Con el amigo restablecido, y vuelta a la realidad, llamé a Mayra. Al principio parecía que un conjunto de voces se confundía con la suya. La segunda vez que marqué, ella contestó ya sin ninguna dificultad; sin embargo, a medida que los segundos avanzaban su acento se volvió insolente, hiriente. La tercera vez me habló con más dureza.

-         Estoy ocupada.

-         Te puedo llamar más tarde.

-         Ok. Y cortó.

A la medianoche agarré el celular. Tenía 3 tazas de café sobre el escritorio. Marqué. Era Mayra.

-         ¿Quién es? -dijo.

-         Soy yo.

-         ¿Quién yo?

-         Yo, te llamé hace rato.

Se hizo un silencio.

-         Soy yo. Acaso no me recuerdas.

-         No tengo tiempo para nadie, ahora, ok.

Se hizo otro silencio.

-         Disculpa, no lo sabía – fue lo último que le dije antes que ella colgara el celular.

 

Al día siguiente insistí, pero en el acto ella cortó el celular sin antes lanzar una lisura.

Entre sábanas y frazadas quedé hecho una ruina, incluso lloré y creo que lloré más o fue un gemido prolongado cuando un día tras los árboles la vi caminar junto a un gordo de polo rojo en el edificio melón y de luz intermitente.

Esperé dos horas entre sombras con el cuerpo frígido y el cerebro hecho un hervidero. En la quinta o sexta calle de los Santos la alcancé.  Tenía la mirada altiva, insolente.

-         Ya te he dicho que…

-         Sí lo sé – la interrumpí – pero no puedo evitarlo.

Pronto se enfiló hacia Portal Sur o quizá fue Vásquez Duarte.

-         Tú de nuevo – dijo pegándose a un muro gris.

 

Había sólo un hombre en el paradero. Es que vas a seguir así… Pero no pudo continuar. Lleno de odio la tumbé contra el piso. Ahí forcejeamos hasta que de repente una sombra o un conjunto de sombras y unas manos me sacaron de ahí. La hallé otra vez, pero luego de varios meses: había salido de la universidad cuando ante los faros de neón, el cielo azulado y un tráfico que más parecía un embrollo la vi entrar a un tico junto a un hombre barbón, narizón, de anteojos y camisa a rayas. La esperé a media cuadra de una casa gris de dos pisos. Pronto una voz, tal vez de niña o de niño, confesó lo que a lo mejor un montón de hombres hubieran querido saber: su nombre verdadero. Pero eso no importa ahora, la cuestión es que uno de los recodos de los Santos su voz se desbocó. ¡Tú…! ¡Sí, yo! Y el piso se estremeció. Y los tréboles y álamos se movieron increíblemente. ¡No…! ¡Sí!; y su voz o acaso una mezcla de estruendos o latigazos se estrellaron en el vacío más completo.

 

 

Reseña Biográfica


Poeta, cuentista y periodista trujillano. Nací el 20 de abril de 1986 en la ciudad de Trujillo, Perú. Licenciado en Ciencias de la Comunicación – Universidad César Vallejo de Trujillo, asimismo he estudiado en la Alianza Francesa -Trujillo. Mis textos enfocados en poesía romántica y relatos amorosos, sensuales y policiales se han publicado en el suplemento dominical del diario La Industria - Trujillo, Revista Cultural Amarte – Trujillo, la revista digital Taquicardia y en la revista Eiruku.
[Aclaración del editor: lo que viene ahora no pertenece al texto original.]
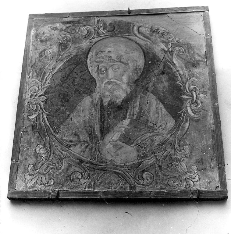 Clipeo decorato da esuberanti elementi foliari. All'nterno, busto di vecchio santo, forse un apostolo. Il viso senile, dall'espressione pensosa, è incorniciato da una barba divisa in due bande. I baffi sono simili a piccole fasce ricadenti. Tra le mani, il santo tiene un libro e una penna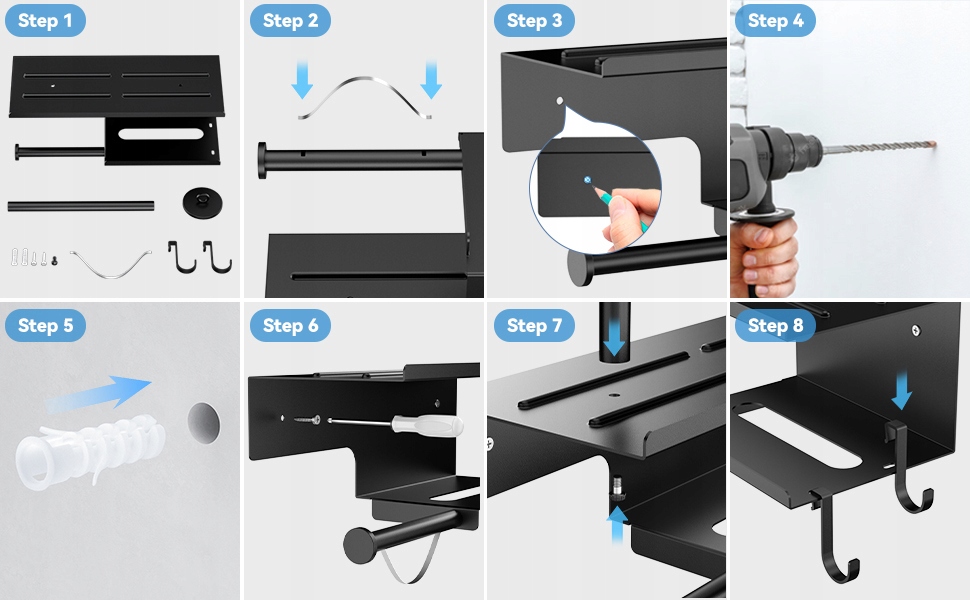 Современный держатель туалетной бумаги с полкой телефона, большая полка для носовых плат и 2 крючка для аксессуаров. Идеальное решение для каждой ванной!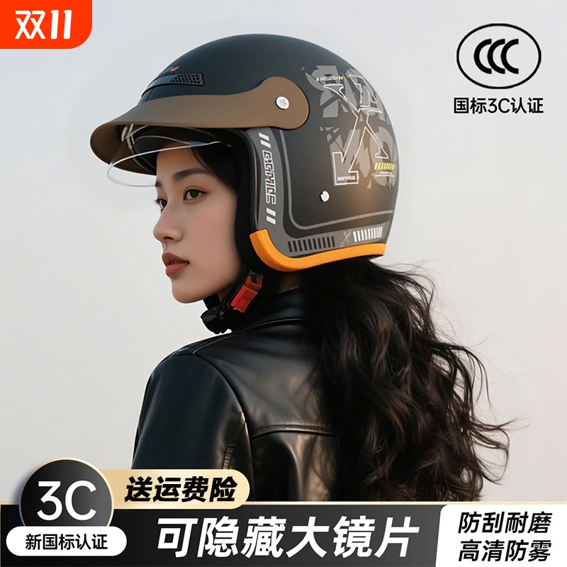 国标3C认证电动摩托车头盔男女士四季通用复古半盔夏季防晒安全帽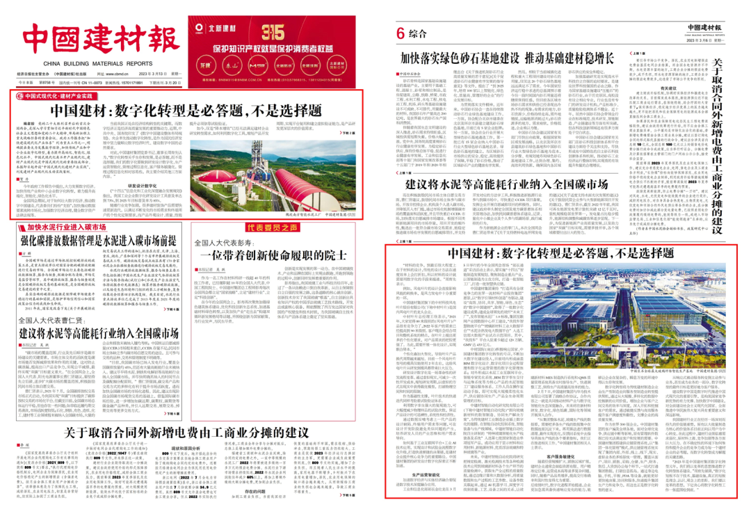 2023年全國兩會政府工作報告把“加快建設(shè)現(xiàn)代化產(chǎn)業(yè)體系”列為重點工作之一,明確提出要大力發(fā)展數(shù)字經(jīng)濟(jì),加快企業(yè)數(shù)字化轉(zhuǎn)型,著力提升高端化、智能化、綠色化水平?!吨袊ú膱蟆诽卦O(shè)“中國式現(xiàn)代化·建材產(chǎn)業(yè)實踐”專欄,刊發(fā)了中國建材集團(tuán)黨委書記、董事長周育先的專訪文章。小料將全文分享給大家。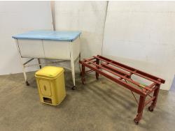5347 Vintage Galvanized Double Wash Basin, Folding Rolling Bench and Trash Can

Asimismo, he laborado en diario Correo de Trujillo y Tumbes y en la revista digital www.sientetrujillo.com

He realizado la cobertura de la Feria Internacional de Libro de Trujillo correspondiente a los años 2017 y 2018.

Mi poema Underground fue publicado en la Revista Literaria Libre e Independiente (Lima)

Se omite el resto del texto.